The existence of a duty is plain: “All drivers using the highways are held to the exercise of due care. Every driver is under a duty to keep a proper lookout for potential hazards.” Hayes v. Crawford, 317 Ga.App. 75, 78 (2012) (citations omitted). The Complaint alleges that Johnson, as a commercial vehicle operator, owed a duty of care to Thigpen, Teeuwissen, and Smith and breached it by:
• failing to make reasonable and proper observations while driving;
• failing to take the necessary precautions to prevent the Truck from colliding with the Car; and
• negligently operating the Truck and causing the collision.
ECF 1-2, ¶¶ 3.2-3.5.
That conduct is the purported proximate cause of the severe injuries to, and the death of, Thigpen, Teeuwissen, and Smith.
Id. ¶¶ 3.6-3.11.
Although Defendants assert that Plaintiffs failed to “plead any particular acts of negligence” by Johnson, the Ponder Affidavit identifies specific conduct that supports the negligence claim against Johnson. In particular, Ponder opines that Johnson was negligent because he
ECF 24, at 19-10.
• failed to stop immediately once the Car slid underneath the Truck's trailer to minimize “the crushing and occupant trapping forces exerted by the trailer and its wheels” and “the prolonged introduction of fire-igniting
sparks from the vehicle's metal parts scraping the road as it [was] dragged toward a stop”; and
• was handling a cell phone or other electronic device in violation of Georgia and Federal law, “after the passenger vehicle [became] wedged under the side of his trailer as he [brought] his rig to a prolonged stop.”
ECF 27-1, ¶¶ 10-11.
Id. ¶¶ 15-17.
Ponder concludes that Johnson's conduct caused greater damages than might otherwise have occurred, exacerbated the injuries suffered by Thigpen, Teeuwissen, and Smith, and may have been the reason why the Car burst into flames.

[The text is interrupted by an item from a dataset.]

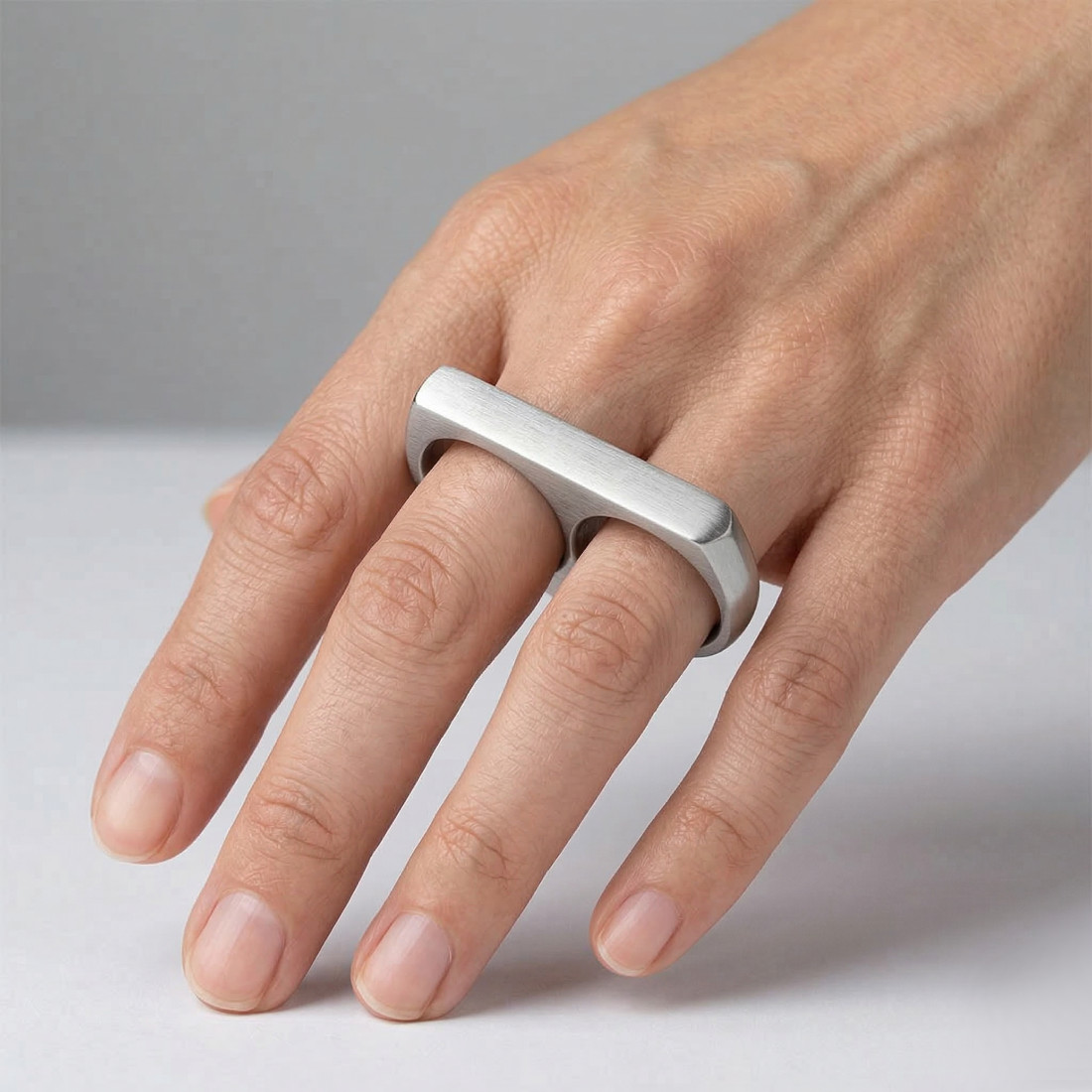 Minimalistyczna obrączka na dwa palce - srebrna matowa

Id. ¶ 18. See generally ECF 27-1.
So, even assuming that the crash report is admissible to show that Thigpen purportedly caused the accident (something the Court need not decide here), this would only create a dispute about how fault should be apportioned-not show that there is no conceivable way Johnson was also negligent. The proximate cause of an injury “may be two separate and distinct acts of negligence acting concurrently[,] and the person injured may recover from either or both of the persons responsible. The mere fact that the plaintiff's injuries would not have been sustained had only one of the acts of negligence occurred will not of itself operate to limit the other act as constituting the proximate cause.” Hayes, 317 Ga.App. at 78 (quoting Vann v. Finley, 313 Ga.App. 153, 163 (2011)) (alteration in original).

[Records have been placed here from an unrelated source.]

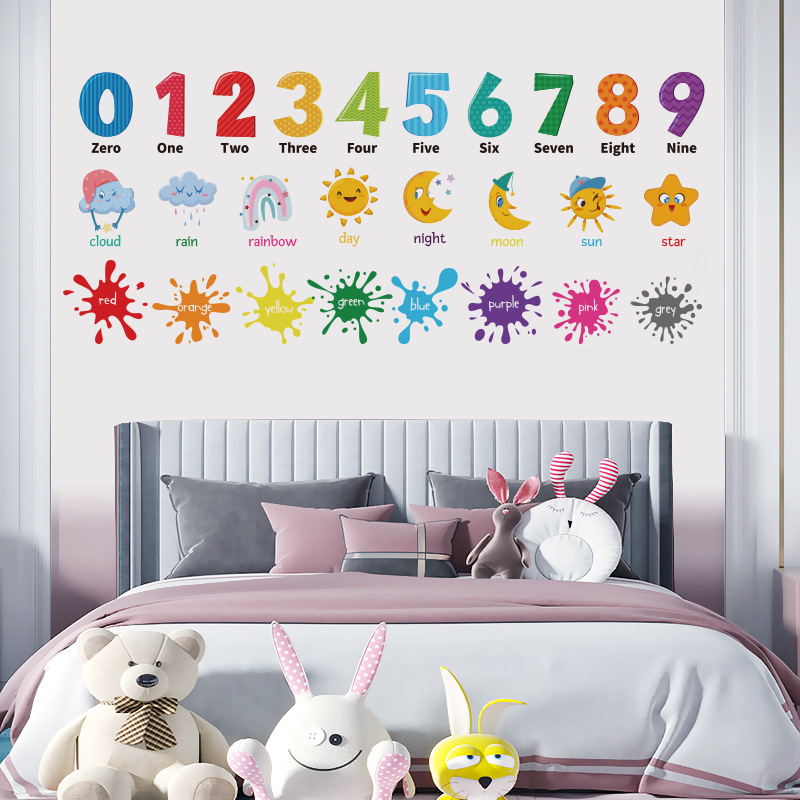 跨境批发宝宝早教认识儿童启蒙墙贴卡通英文数字幼儿园教室装饰贴
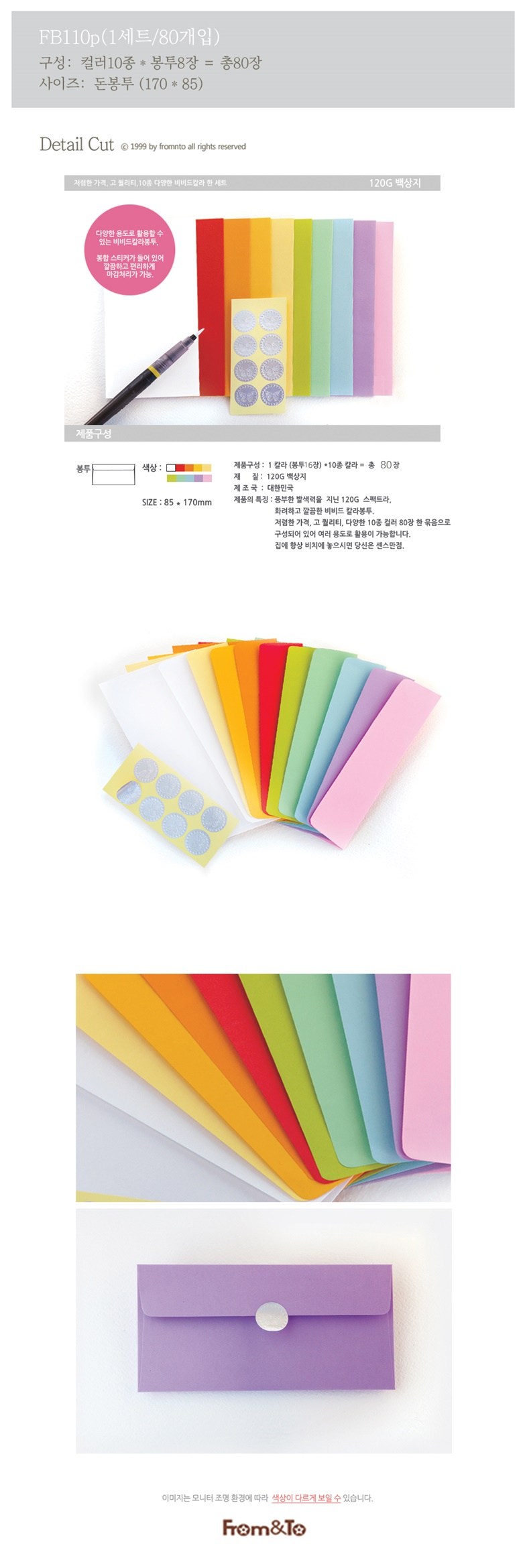 프롬앤투 돈봉투 10종 컬러 x 8p 세트 FB110p, 혼합 색상, 1세트
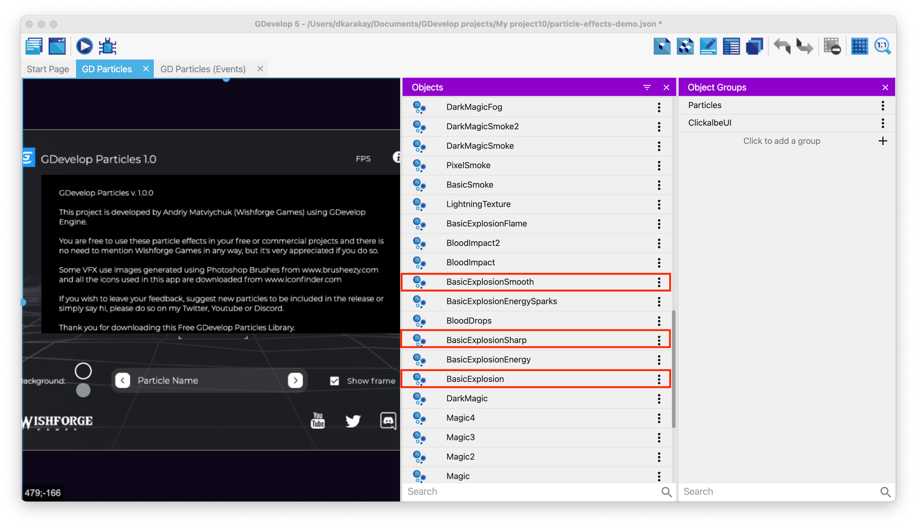We will copy three objects (BasicExplosion, BasicExplosionSmooth, and BasicExplosionSharp) to our Base Scene and use them in our game.
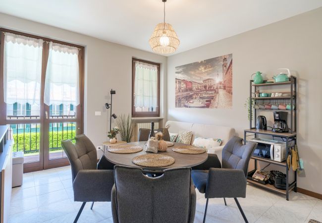 Charming two-room apartment located in the Gardenia residential complex in Lazise, about 1.2 km from the center of Lazise (15 minutes walking) and 1.5 km from the beach. The intimate residential context of only 8 units has a swimming pool (guaranteed opening period 15/05-30/09) and a large green area. The completely renovated apartment opens onto a welcoming living area with a view of the pool and a terrace furnished with a table, chairs, and a sun shade. The living room has a kitchenette with a refrigerator, freezer, oven, gas stove, dishwasher, toaster, American coffee machine, and capsule coffee machine. Relaxation corner with satellite TV, free WiFi, air conditioning, and a comfortable double sofa bed. Modern bathroom with shower cabin and hairdryer available for guests. Spacious storage room with changing area and pantry. The double bedroom, with direct access to the shaded rear garden furnished with an umbrella and sun loungers, has a spacious wardrobe and a canopy bed. Covered parking space in the garage. Cellar with laundry and two bicycles available for guests. Non-smoking apartment, pets not allowed. We recommend this apartment to couples or families looking for a modern accommodation in a small context convenient to the historic center of Lazise.

In short, Defendants have failed to establish by clear and convincing evidence that there is no possibility Plaintiffs can prove a cause of action against Johnson. Stillwell, 663 F.3d at 1332; Crowe, 113 F.3d at 1538. Since the claim against Johnson is viable, the dependent claims against Saddle Creek, Poch Staffing, and Zurich are also viable. Neither they nor Johnson were fraudulently joined.
IV. Conclusion
NNA's Motion to Disregard Affidavit [ECF 28] is DENIED. Plaintiffs' Motion for Remand [ECF 14] is GRANTED. The Clerk is DIRECTED to REMAND this action to the State Court of Clayton County, Georgia.
SO ORDERED this 31st day of March, 2023.